Write out word for word each line from the top of the material through the line that has "米農家の土井さんが営む「土井". Pictures do not go in.

BEGIN The data

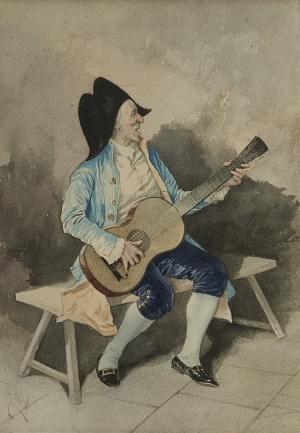 Le guitariste, aquarelle sur papier, signée, 36x25 cm
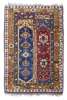 the twin panel red and indigo field, within ochre octagon and stylised vine border between green and red bands
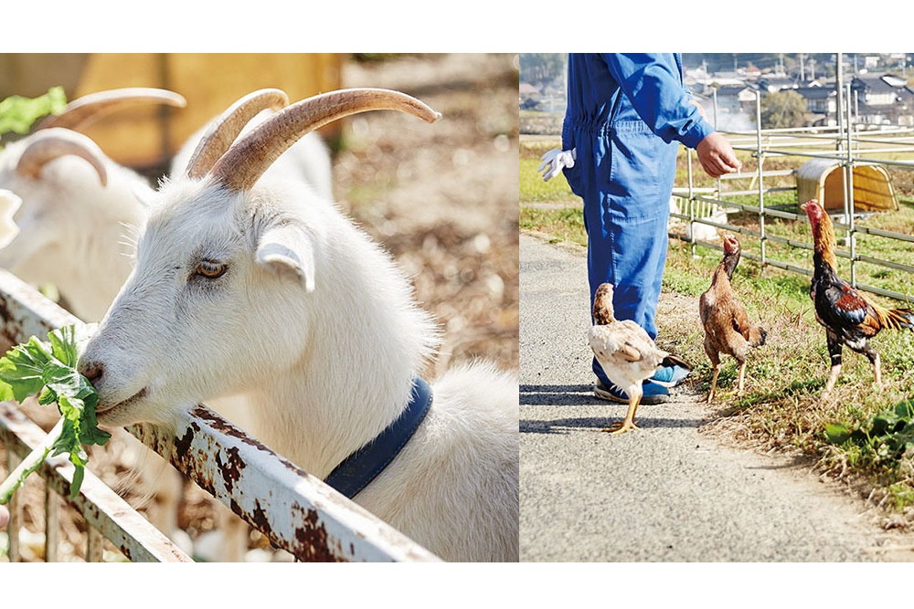 米農家の土井さんが営む「土井ん家」でできるのは、ヤギやシャモのお世話をはじめ、季節に応じて気軽なお手伝いからハードワークまで選べる農業体験やレジャー体験。食事を希望する場合は、採れたての農産物を使った居酒屋メニューが登場します。
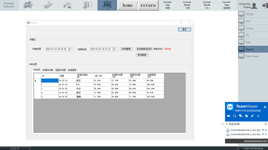 系统功能 配置底漆参数:底漆为涂装工艺中一个子工艺,对于的计算需要手工设置对应参数。 配置PVC参数:PVC为涂装工艺中一个子工艺,对于的计算需要手工设置对应参数。 配置中涂参数:中涂为涂装工艺中一个子工艺,对于的计算需要手工设置对应参数。 配置灌蜡参数:灌蜡为涂装工艺中一个子工艺,对于的计算需要手工设置对应参数。 配置灌蜡参数:灌蜡为涂装工艺中一个子工艺,对于的计算需要手工设置对应参数。 用订单号查询配方:查询某个编号的配方是否存在。 实时采集生产过程数据:对需要参与运算的多个生产过程进行实时采集,生产数据来自MES系统。 计算:利用配置参数和生产过程数据计算每天的值。 数据查询:查询指定日期内的数据 数据报表:导出指定日期内的报表。 |

END The data

Result of this task:
 Le guitariste, aquarelle sur papier, signée, 36x25 cm
 the twin panel red and indigo field, within ochre octagon and stylised vine border between green and red bands
 米農家の土井さんが営む「土井ん家」でできるのは、ヤギやシャモのお世話をはじめ、季節に応じて気軽なお手伝いからハードワークまで選べる農業体験やレジャー体験。食事を希望する場合は、採れたての農産物を使った居酒屋メニューが登場します。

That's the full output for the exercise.